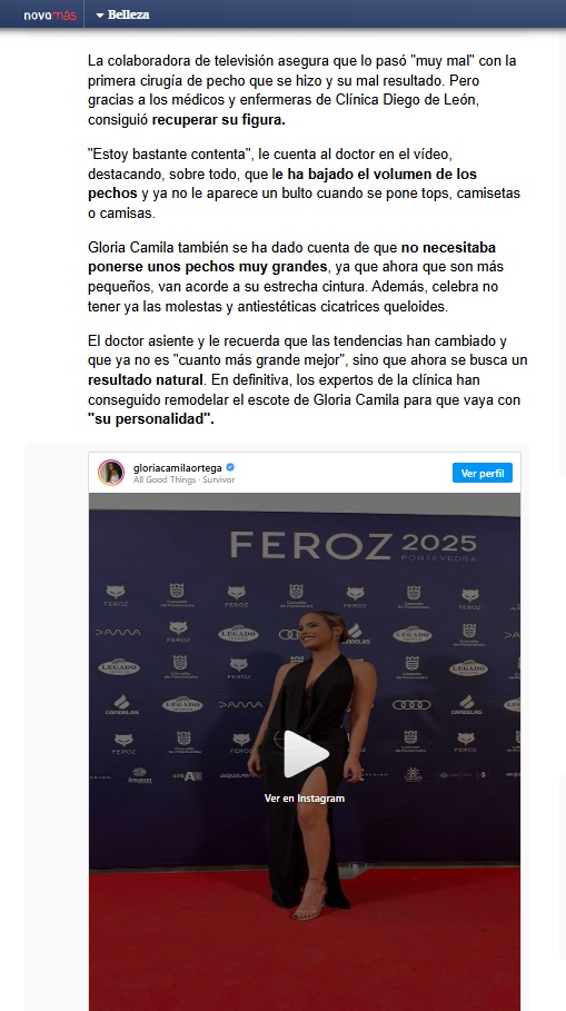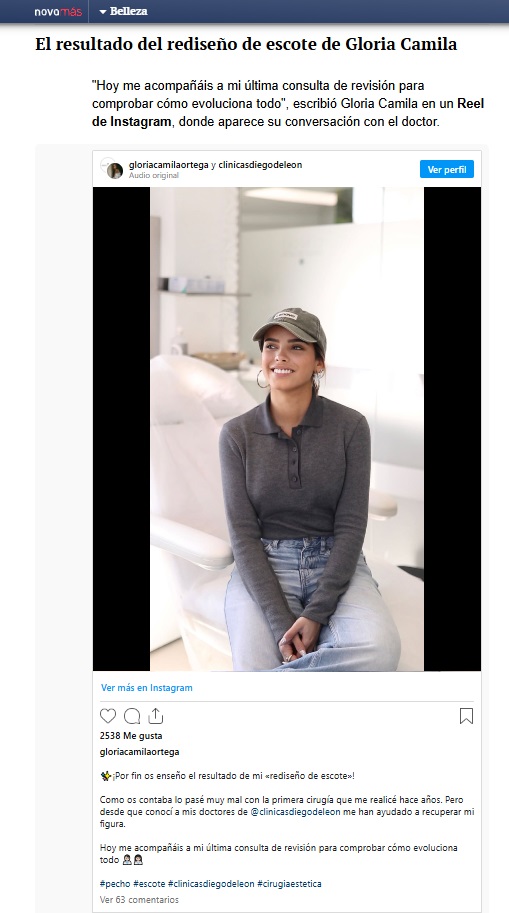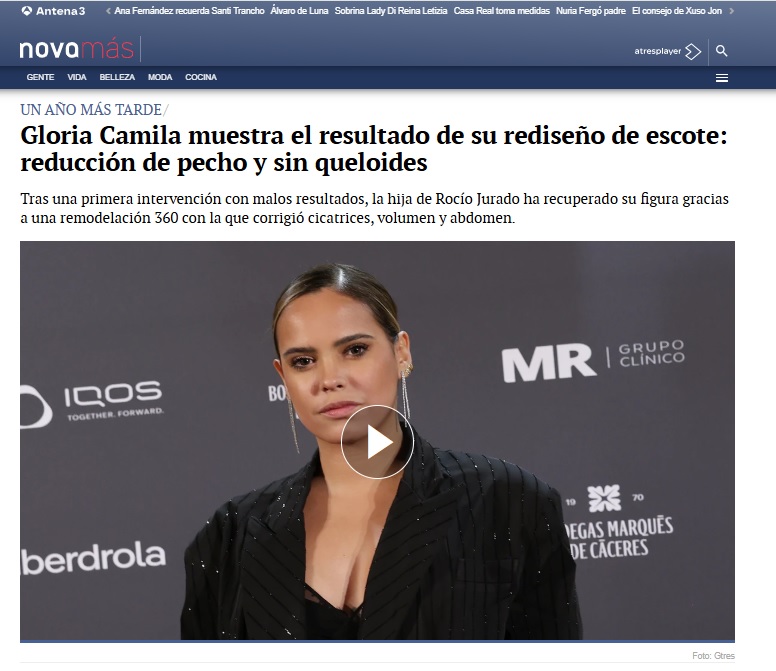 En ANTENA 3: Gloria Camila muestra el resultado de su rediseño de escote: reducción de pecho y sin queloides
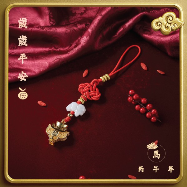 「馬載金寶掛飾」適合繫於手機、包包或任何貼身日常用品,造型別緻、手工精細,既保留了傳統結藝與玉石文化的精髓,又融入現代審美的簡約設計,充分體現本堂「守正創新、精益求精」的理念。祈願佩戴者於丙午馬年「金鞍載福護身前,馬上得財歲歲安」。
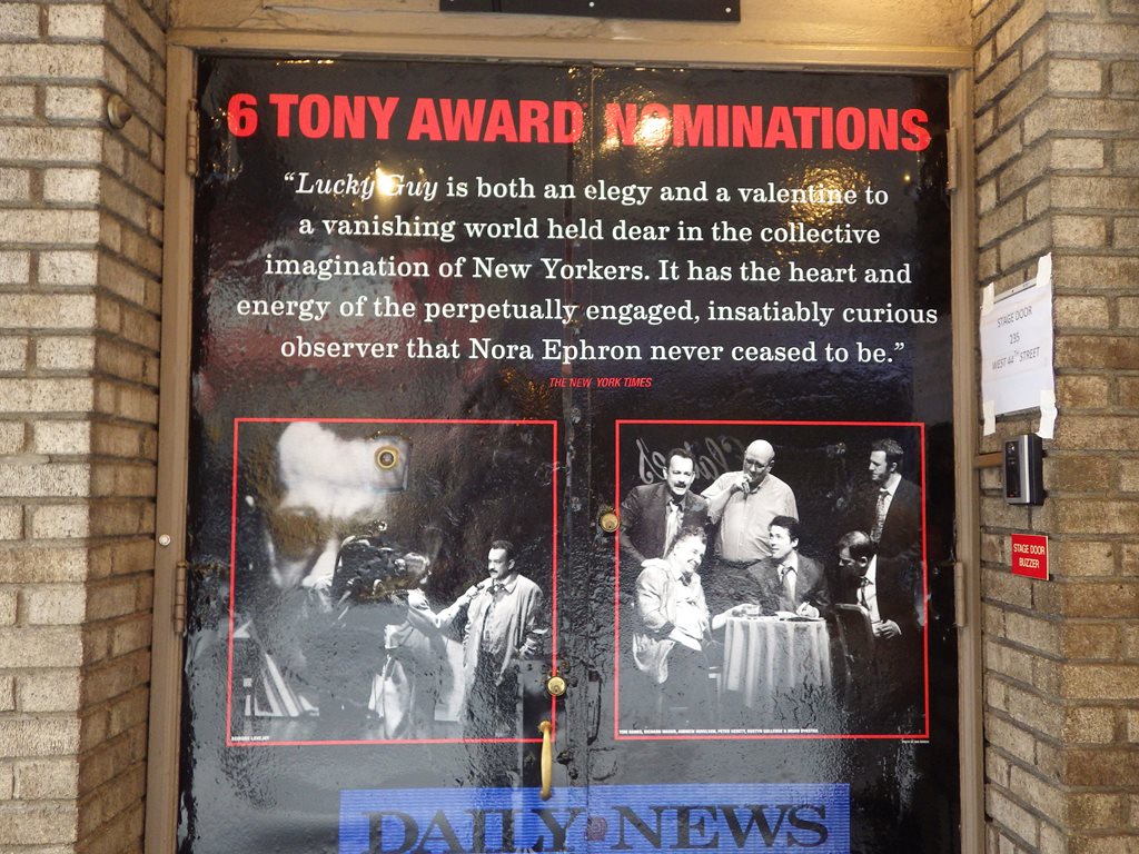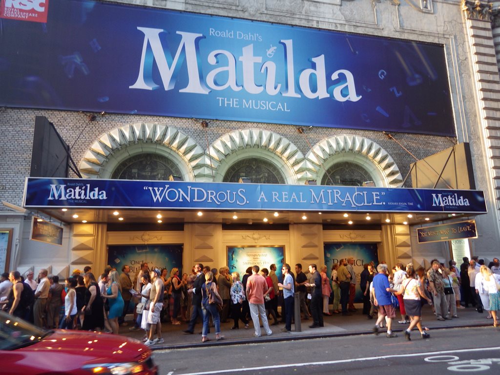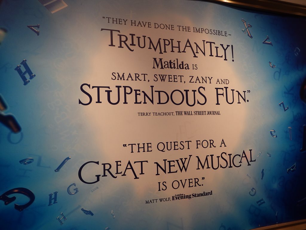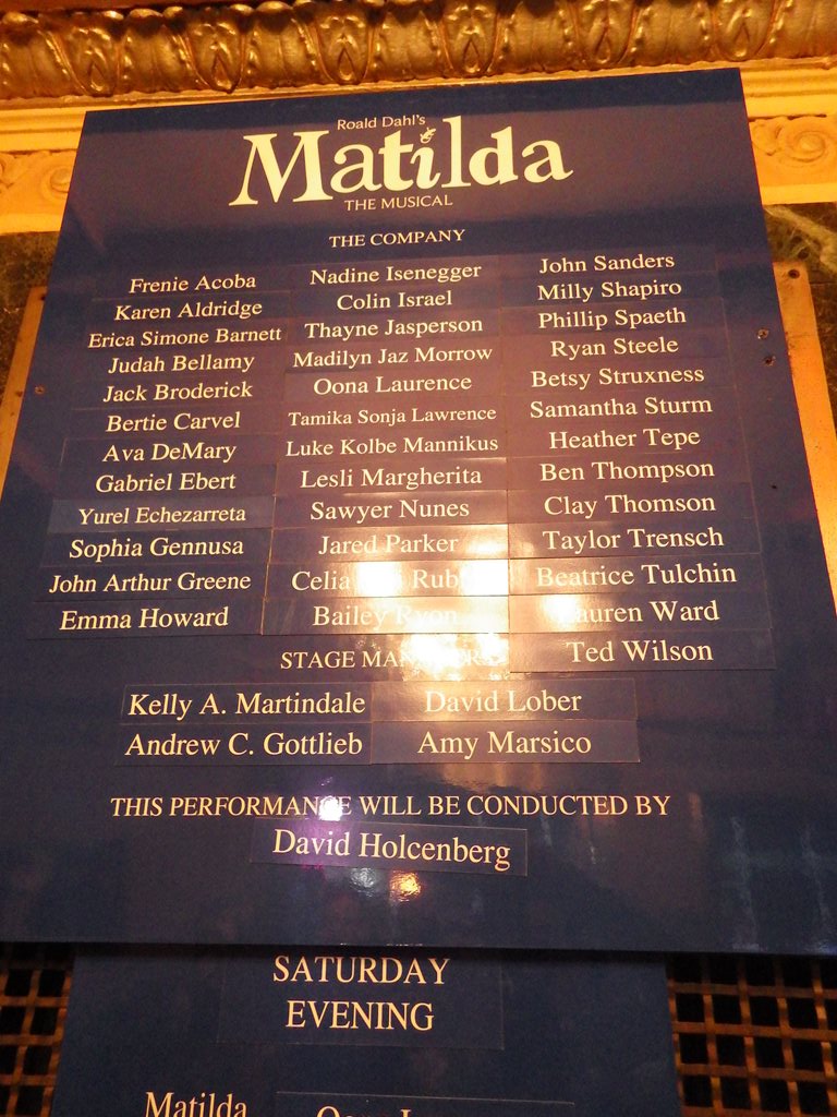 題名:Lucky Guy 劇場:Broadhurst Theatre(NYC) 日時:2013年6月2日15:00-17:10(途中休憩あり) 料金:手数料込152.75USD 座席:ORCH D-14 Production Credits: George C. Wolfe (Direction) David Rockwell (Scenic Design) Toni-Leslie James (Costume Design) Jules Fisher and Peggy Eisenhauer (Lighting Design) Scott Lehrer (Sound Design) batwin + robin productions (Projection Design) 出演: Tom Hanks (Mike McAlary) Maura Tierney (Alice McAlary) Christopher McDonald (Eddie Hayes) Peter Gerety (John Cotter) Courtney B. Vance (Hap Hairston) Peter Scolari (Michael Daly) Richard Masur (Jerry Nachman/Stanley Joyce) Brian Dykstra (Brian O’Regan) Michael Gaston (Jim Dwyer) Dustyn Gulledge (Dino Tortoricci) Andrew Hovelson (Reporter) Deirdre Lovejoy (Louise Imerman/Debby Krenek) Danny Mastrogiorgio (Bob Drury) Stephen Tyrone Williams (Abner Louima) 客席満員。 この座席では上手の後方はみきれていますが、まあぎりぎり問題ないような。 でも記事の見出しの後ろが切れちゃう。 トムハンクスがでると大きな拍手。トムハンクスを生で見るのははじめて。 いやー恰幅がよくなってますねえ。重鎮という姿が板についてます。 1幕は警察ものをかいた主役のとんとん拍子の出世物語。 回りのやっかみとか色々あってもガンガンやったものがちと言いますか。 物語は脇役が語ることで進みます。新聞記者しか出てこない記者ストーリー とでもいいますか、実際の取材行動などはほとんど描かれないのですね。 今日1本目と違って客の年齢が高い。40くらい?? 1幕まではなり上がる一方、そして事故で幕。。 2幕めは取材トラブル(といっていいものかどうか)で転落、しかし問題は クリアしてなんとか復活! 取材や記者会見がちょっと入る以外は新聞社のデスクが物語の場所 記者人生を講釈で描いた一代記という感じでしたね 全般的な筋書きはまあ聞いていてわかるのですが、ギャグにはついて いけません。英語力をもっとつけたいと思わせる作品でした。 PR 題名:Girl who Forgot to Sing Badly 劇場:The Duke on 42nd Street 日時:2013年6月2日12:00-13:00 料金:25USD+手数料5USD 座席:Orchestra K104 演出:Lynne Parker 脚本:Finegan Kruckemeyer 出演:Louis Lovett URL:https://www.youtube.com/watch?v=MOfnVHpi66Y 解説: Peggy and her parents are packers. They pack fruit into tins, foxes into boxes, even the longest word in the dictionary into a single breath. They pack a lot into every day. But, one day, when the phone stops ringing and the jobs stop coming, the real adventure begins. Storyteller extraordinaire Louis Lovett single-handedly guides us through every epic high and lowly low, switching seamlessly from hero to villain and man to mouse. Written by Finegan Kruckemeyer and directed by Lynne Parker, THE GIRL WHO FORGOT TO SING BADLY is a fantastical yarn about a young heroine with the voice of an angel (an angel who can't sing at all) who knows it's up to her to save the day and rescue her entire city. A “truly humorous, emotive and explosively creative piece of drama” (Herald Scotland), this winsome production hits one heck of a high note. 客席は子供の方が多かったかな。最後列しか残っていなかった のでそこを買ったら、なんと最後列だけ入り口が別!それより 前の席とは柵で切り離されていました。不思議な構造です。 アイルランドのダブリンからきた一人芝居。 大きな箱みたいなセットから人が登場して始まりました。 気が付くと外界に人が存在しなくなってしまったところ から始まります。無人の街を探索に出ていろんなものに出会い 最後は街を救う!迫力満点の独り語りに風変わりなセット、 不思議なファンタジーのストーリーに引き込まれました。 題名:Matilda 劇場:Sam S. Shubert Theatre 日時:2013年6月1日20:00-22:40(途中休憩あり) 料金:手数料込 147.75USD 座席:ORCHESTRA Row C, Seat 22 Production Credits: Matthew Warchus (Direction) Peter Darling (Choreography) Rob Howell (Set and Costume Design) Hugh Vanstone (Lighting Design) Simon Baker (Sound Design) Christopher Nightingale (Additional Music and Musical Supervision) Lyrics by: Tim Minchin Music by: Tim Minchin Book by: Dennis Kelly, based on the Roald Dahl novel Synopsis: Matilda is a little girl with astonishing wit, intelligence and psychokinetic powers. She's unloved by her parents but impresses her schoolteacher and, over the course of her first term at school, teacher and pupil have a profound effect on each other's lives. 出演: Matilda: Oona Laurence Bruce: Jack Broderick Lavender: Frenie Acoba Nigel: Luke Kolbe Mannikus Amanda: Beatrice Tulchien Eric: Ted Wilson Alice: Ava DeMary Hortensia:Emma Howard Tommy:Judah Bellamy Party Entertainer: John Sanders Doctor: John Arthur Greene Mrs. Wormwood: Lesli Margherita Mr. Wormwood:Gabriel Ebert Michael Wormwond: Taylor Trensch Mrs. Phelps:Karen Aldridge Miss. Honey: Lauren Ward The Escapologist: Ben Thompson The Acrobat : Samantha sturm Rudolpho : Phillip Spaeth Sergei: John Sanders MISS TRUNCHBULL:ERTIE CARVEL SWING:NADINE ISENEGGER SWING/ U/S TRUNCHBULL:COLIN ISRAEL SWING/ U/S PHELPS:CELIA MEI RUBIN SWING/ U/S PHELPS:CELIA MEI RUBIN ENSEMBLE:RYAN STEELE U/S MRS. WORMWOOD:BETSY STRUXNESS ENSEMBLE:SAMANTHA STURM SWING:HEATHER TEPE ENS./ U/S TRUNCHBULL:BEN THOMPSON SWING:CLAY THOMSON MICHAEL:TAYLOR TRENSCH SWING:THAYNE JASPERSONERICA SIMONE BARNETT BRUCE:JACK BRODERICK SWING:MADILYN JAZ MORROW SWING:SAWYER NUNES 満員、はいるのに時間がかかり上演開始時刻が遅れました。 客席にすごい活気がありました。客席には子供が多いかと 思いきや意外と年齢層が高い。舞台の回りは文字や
-- -- --
• _ACTIVITY_
Reproduce the entire listing exactly, except for any pictures it contains.

• _WRITTEN ANSWER_
 En ANTENA 3: Gloria Camila muestra el resultado de su rediseño de escote: reducción de pecho y sin queloides
 「馬載金寶掛飾」適合繫於手機、包包或任何貼身日常用品,造型別緻、手工精細,既保留了傳統結藝與玉石文化的精髓,又融入現代審美的簡約設計,充分體現本堂「守正創新、精益求精」的理念。祈願佩戴者於丙午馬年「金鞍載福護身前,馬上得財歲歲安」。
 題名:Lucky Guy 劇場:Broadhurst Theatre(NYC) 日時:2013年6月2日15:00-17:10(途中休憩あり) 料金:手数料込152.75USD 座席:ORCH D-14 Production Credits: George C. Wolfe (Direction) David Rockwell (Scenic Design) Toni-Leslie James (Costume Design) Jules Fisher and Peggy Eisenhauer (Lighting Design) Scott Lehrer (Sound Design) batwin + robin productions (Projection Design) 出演: Tom Hanks (Mike McAlary) Maura Tierney (Alice McAlary) Christopher McDonald (Eddie Hayes) Peter Gerety (John Cotter) Courtney B. Vance (Hap Hairston) Peter Scolari (Michael Daly) Richard Masur (Jerry Nachman/Stanley Joyce) Brian Dykstra (Brian O’Regan) Michael Gaston (Jim Dwyer) Dustyn Gulledge (Dino Tortoricci) Andrew Hovelson (Reporter) Deirdre Lovejoy (Louise Imerman/Debby Krenek) Danny Mastrogiorgio (Bob Drury) Stephen Tyrone Williams (Abner Louima) 客席満員。 この座席では上手の後方はみきれていますが、まあぎりぎり問題ないような。 でも記事の見出しの後ろが切れちゃう。 トムハンクスがでると大きな拍手。トムハンクスを生で見るのははじめて。 いやー恰幅がよくなってますねえ。重鎮という姿が板についてます。 1幕は警察ものをかいた主役のとんとん拍子の出世物語。 回りのやっかみとか色々あってもガンガンやったものがちと言いますか。 物語は脇役が語ることで進みます。新聞記者しか出てこない記者ストーリー とでもいいますか、実際の取材行動などはほとんど描かれないのですね。 今日1本目と違って客の年齢が高い。40くらい?? 1幕まではなり上がる一方、そして事故で幕。。 2幕めは取材トラブル(といっていいものかどうか)で転落、しかし問題は クリアしてなんとか復活! 取材や記者会見がちょっと入る以外は新聞社のデスクが物語の場所 記者人生を講釈で描いた一代記という感じでしたね 全般的な筋書きはまあ聞いていてわかるのですが、ギャグにはついて いけません。英語力をもっとつけたいと思わせる作品でした。 PR 題名:Girl who Forgot to Sing Badly 劇場:The Duke on 42nd Street 日時:2013年6月2日12:00-13:00 料金:25USD+手数料5USD 座席:Orchestra K104 演出:Lynne Parker 脚本:Finegan Kruckemeyer 出演:Louis Lovett URL:https://www.youtube.com/watch?v=MOfnVHpi66Y 解説: Peggy and her parents are packers. They pack fruit into tins, foxes into boxes, even the longest word in the dictionary into a single breath. They pack a lot into every day. But, one day, when the phone stops ringing and the jobs stop coming, the real adventure begins. Storyteller extraordinaire Louis Lovett single-handedly guides us through every epic high and lowly low, switching seamlessly from hero to villain and man to mouse. Written by Finegan Kruckemeyer and directed by Lynne Parker, THE GIRL WHO FORGOT TO SING BADLY is a fantastical yarn about a young heroine with the voice of an angel (an angel who can't sing at all) who knows it's up to her to save the day and rescue her entire city. A “truly humorous, emotive and explosively creative piece of drama” (Herald Scotland), this winsome production hits one heck of a high note. 客席は子供の方が多かったかな。最後列しか残っていなかった のでそこを買ったら、なんと最後列だけ入り口が別!それより 前の席とは柵で切り離されていました。不思議な構造です。 アイルランドのダブリンからきた一人芝居。 大きな箱みたいなセットから人が登場して始まりました。 気が付くと外界に人が存在しなくなってしまったところ から始まります。無人の街を探索に出ていろんなものに出会い 最後は街を救う!迫力満点の独り語りに風変わりなセット、 不思議なファンタジーのストーリーに引き込まれました。 題名:Matilda 劇場:Sam S. Shubert Theatre 日時:2013年6月1日20:00-22:40(途中休憩あり) 料金:手数料込 147.75USD 座席:ORCHESTRA Row C, Seat 22 Production Credits: Matthew Warchus (Direction) Peter Darling (Choreography) Rob Howell (Set and Costume Design) Hugh Vanstone (Lighting Design) Simon Baker (Sound Design) Christopher Nightingale (Additional Music and Musical Supervision) Lyrics by: Tim Minchin Music by: Tim Minchin Book by: Dennis Kelly, based on the Roald Dahl novel Synopsis: Matilda is a little girl with astonishing wit, intelligence and psychokinetic powers. She's unloved by her parents but impresses her schoolteacher and, over the course of her first term at school, teacher and pupil have a profound effect on each other's lives. 出演: Matilda: Oona Laurence Bruce: Jack Broderick Lavender: Frenie Acoba Nigel: Luke Kolbe Mannikus Amanda: Beatrice Tulchien Eric: Ted Wilson Alice: Ava DeMary Hortensia:Emma Howard Tommy:Judah Bellamy Party Entertainer: John Sanders Doctor: John Arthur Greene Mrs. Wormwood: Lesli Margherita Mr. Wormwood:Gabriel Ebert Michael Wormwond: Taylor Trensch Mrs. Phelps:Karen Aldridge Miss. Honey: Lauren Ward The Escapologist: Ben Thompson The Acrobat : Samantha sturm Rudolpho : Phillip Spaeth Sergei: John Sanders MISS TRUNCHBULL:ERTIE CARVEL SWING:NADINE ISENEGGER SWING/ U/S TRUNCHBULL:COLIN ISRAEL SWING/ U/S PHELPS:CELIA MEI RUBIN SWING/ U/S PHELPS:CELIA MEI RUBIN ENSEMBLE:RYAN STEELE U/S MRS. WORMWOOD:BETSY STRUXNESS ENSEMBLE:SAMANTHA STURM SWING:HEATHER TEPE ENS./ U/S TRUNCHBULL:BEN THOMPSON SWING:CLAY THOMSON MICHAEL:TAYLOR TRENSCH SWING:THAYNE JASPERSONERICA SIMONE BARNETT BRUCE:JACK BRODERICK SWING:MADILYN JAZ MORROW SWING:SAWYER NUNES 満員、はいるのに時間がかかり上演開始時刻が遅れました。 客席にすごい活気がありました。客席には子供が多いかと 思いきや意外と年齢層が高い。舞台の回りは文字や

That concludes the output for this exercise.